7. Cycling At a Spin Class
For those not fortunate enough to live in a year-round, temperate climate, a spin class can keep fitness goals on track when snow tracks start to form. Spin classes are a great way to start a routine since they are held regularly. Spinning is a low impact cardiovascular activity, and creates an energy-high by increasing endorphins while toning lower-body and core muscles.
8. Joining the Gym
Hitting up the gym has benefits year round, and promotional pricing is often offered around the holidays. Even if it isn’t, the internet is full of tips and tricks on getting the best deal — like seeing if the local college gym is a cheaper option, or joining ahead of the holiday rush. After becoming a member, you can see if fitness training is offered, or use a variety of workouts to keep from getting in a workout rut.
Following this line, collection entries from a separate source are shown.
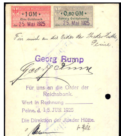
Wechsel mit Goldmark-Steuermarken

Ein Wechsel ist praktisch Geldersatzmittel. Da der Staat das Alleinrecht zur Ausgabe von Geld hatte, ersann er schnell die Wechselsteuer. Der Norddeutsche Bund beschloss erstmalig ein Wechselsteuergesetz am 10.6.1869. Die Steuer betrug 10 Pfennig für jede angefangene 100 Mark Wechselsumme und wurde durch Steuermarken entrichtet, die es bei der Post zu kaufen gab. Die Steuermarken mussten auf der Wechselrückseite oben quer aufgeklebt und entwertet werden. Darunter kamen die Indossamente. Am 21.6.1948 wurde der Satz um 50 Prozent auf 15 Pfennig erhöht.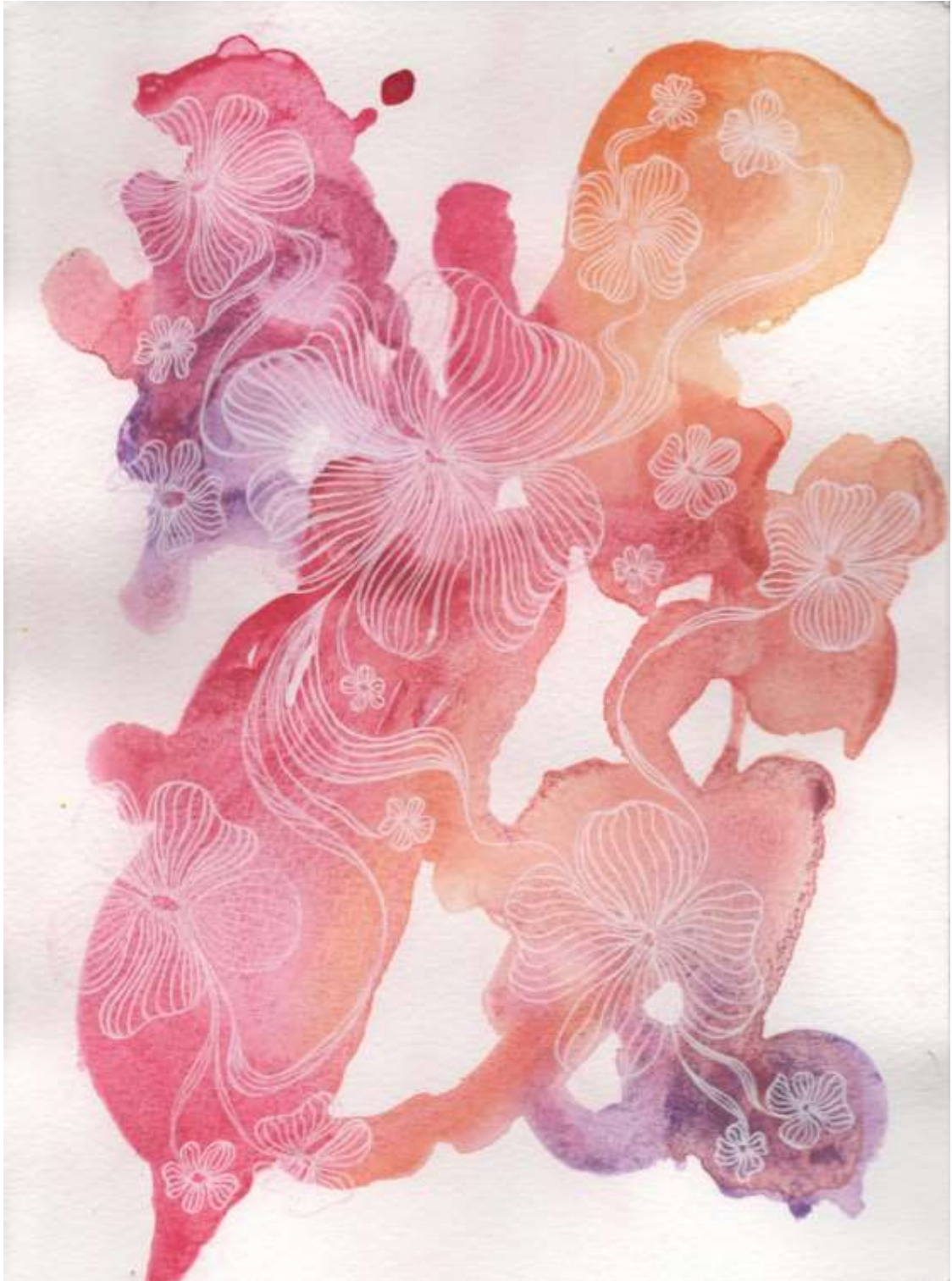
Slika 19: Likovni predložak 4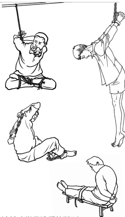
法轮功学员遭受的酷刑

所长、队长等被派到外地劳教所学习“转化经验”，回来后开始实施暴力洗脑。对坚定者动用束缚椅（也称老虎凳）、大背铐，有的被铐在冰冷的暖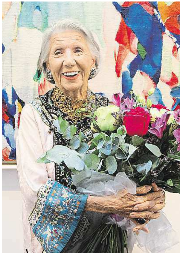
Mecenáška slaví neuvěřitelné 96. narozeniny.

Velký potenciál úspor skýtá také kvalitní regulace otopného systému. Starý termostat můžete vyměnit za moderní řídicí jednotku, která vám umožní nastavit stálou a pohodlnou denní i noční teplotu. Úsporu energií zajistí také ekvitermní regulace, tedy řízení otopné soustavy na základě vnější teploty vzduchu. K pohodlí obyvatel domu pak přispěje možnost dálkového ovládní kotle přes mobilní telefon či internet.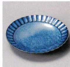
33136-199 窯変紺ソギ5.0皿 450円 100入 (16.5×3cm) 33137-199 窯変紺ソギ4.0皿 400円 150入 (13.5×2.5cm) 33138-199 窯変紺ソギ3.0皿 350円 200入 (10×2cm)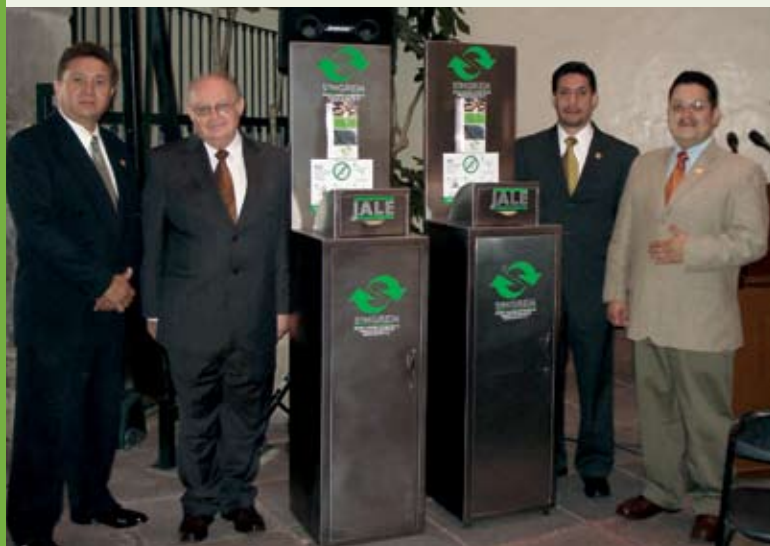
Evento de puesta en marcha del programa.

La implementación del programa se logró mediante la iniciativa del SINGREM y el apoyo de instancias como la SSa del estado de Querétaro, la Cofepris, la Delegación Federal de la Semarnat en Querétaro y Farmacias del Ahorro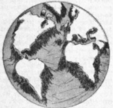
Om Atlanten bleve torrlagd.

Ja, så är det ofta, och vi svenskar äro kanske mer än andra känsliga för orik-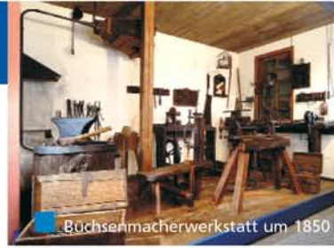
Büchsenmacherwerkstatt um 1850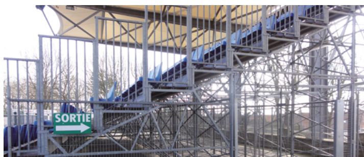
(exemple de tribune tubulaire)

Le barème s'applique quel que soit le nombre total de tribunes du stade.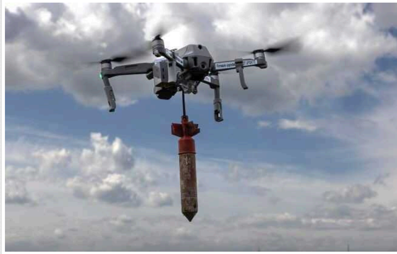
Після атаки БПЛА в Ніжині різко зросло число поранених

Під удар потрапив гуртожиток, в якому переважно проживали люди пенсійного віку. Тепер будинок не придатний для проживання.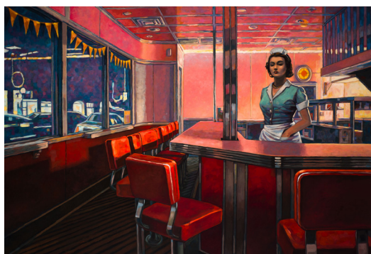
Miles Hyman - Melrose Diner , 2021 Huile sur lin, 114 x 162 cm © Huberty & Breyne - Miles HYMAN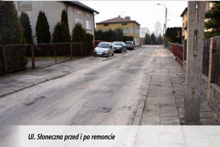
Ul. Słoneczna przed i po remoncie

Pełną parą idą też prace na ul. Wita Stwosza. Wykonano już podbudowę ulicy, a obecnie na ukończeniu jest przebudowa zatoki parkingowej. Zakończył się remont ul. Słonecznej i budowa ul. Lipowej, a nowa nawierzchnia pojawiła się na ul. Warszawskiej (od skrzyżowania z ul. 3 maja i Przechodniej). Miasto rozstrzygnęło też przetarg na przebudowę chodników w osiedlu Warszawska (etap II). Remonty rozpoczną się na początku lipca, a ich koszt wyniesie blisko 211 000 zł. Również chodniki znajdujące się w osiedlu Zarówie zostaną przebudowane. Prace będą kosztowały prawie 178 000 zł.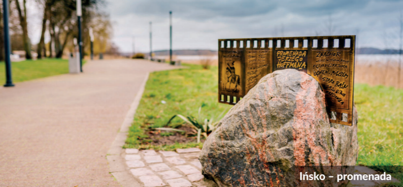
Ińsko – promenada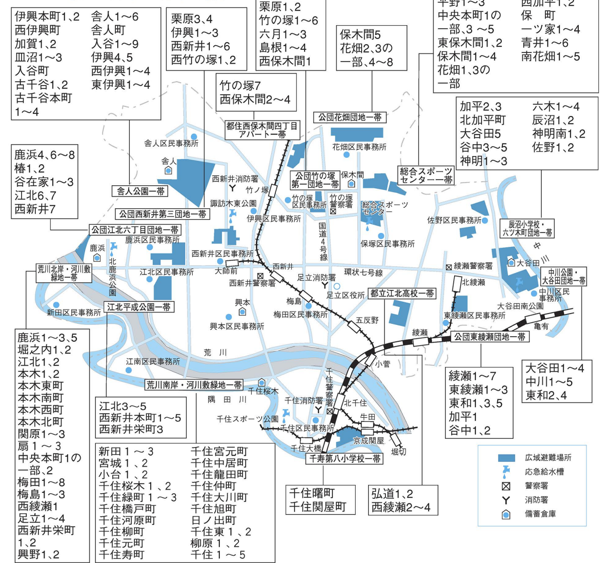
図1 大震・火災時の避難場所案内図

広域避難場所とは、大地震などで延焼火災が発生した場合、大火から身を守るために避難する場所です。15年2月、区内の広域避難場所が6カ所追加され、15カ所になりました(図1)。皆さんの地域の広域避難場所を確認してください。

9. Jumping Rope, Or Other At-Home Activities
For the truly homebound, stuck in by a winter storm perhaps? There are still plenty of options to keep moving, like jumping rope. Dr. Peter Schulman, an associate professor, Cardiology/Pulmonary Medicine, University of Connecticut Health Center says, ”It strengthens the upper and lower body and burns a lot of calories in a short time.” If this aerobic activity isn’t your speed, there are now hundreds of fitness videos and guides online to chose from, making exercise accessible anywhere — even at home.
10. Shoveling Snow
Okay, not the most fun winter weather activity out there, and certainly one people aren’t fond of, but it does have some health benefits. But for the snowed in, it’s a necessity. Whether making your escape or part of your daily toil, shoveling snow The University of Vermont explains, is a high intensity workout that uses all of your muscles. So kick up the snow and your heart rate.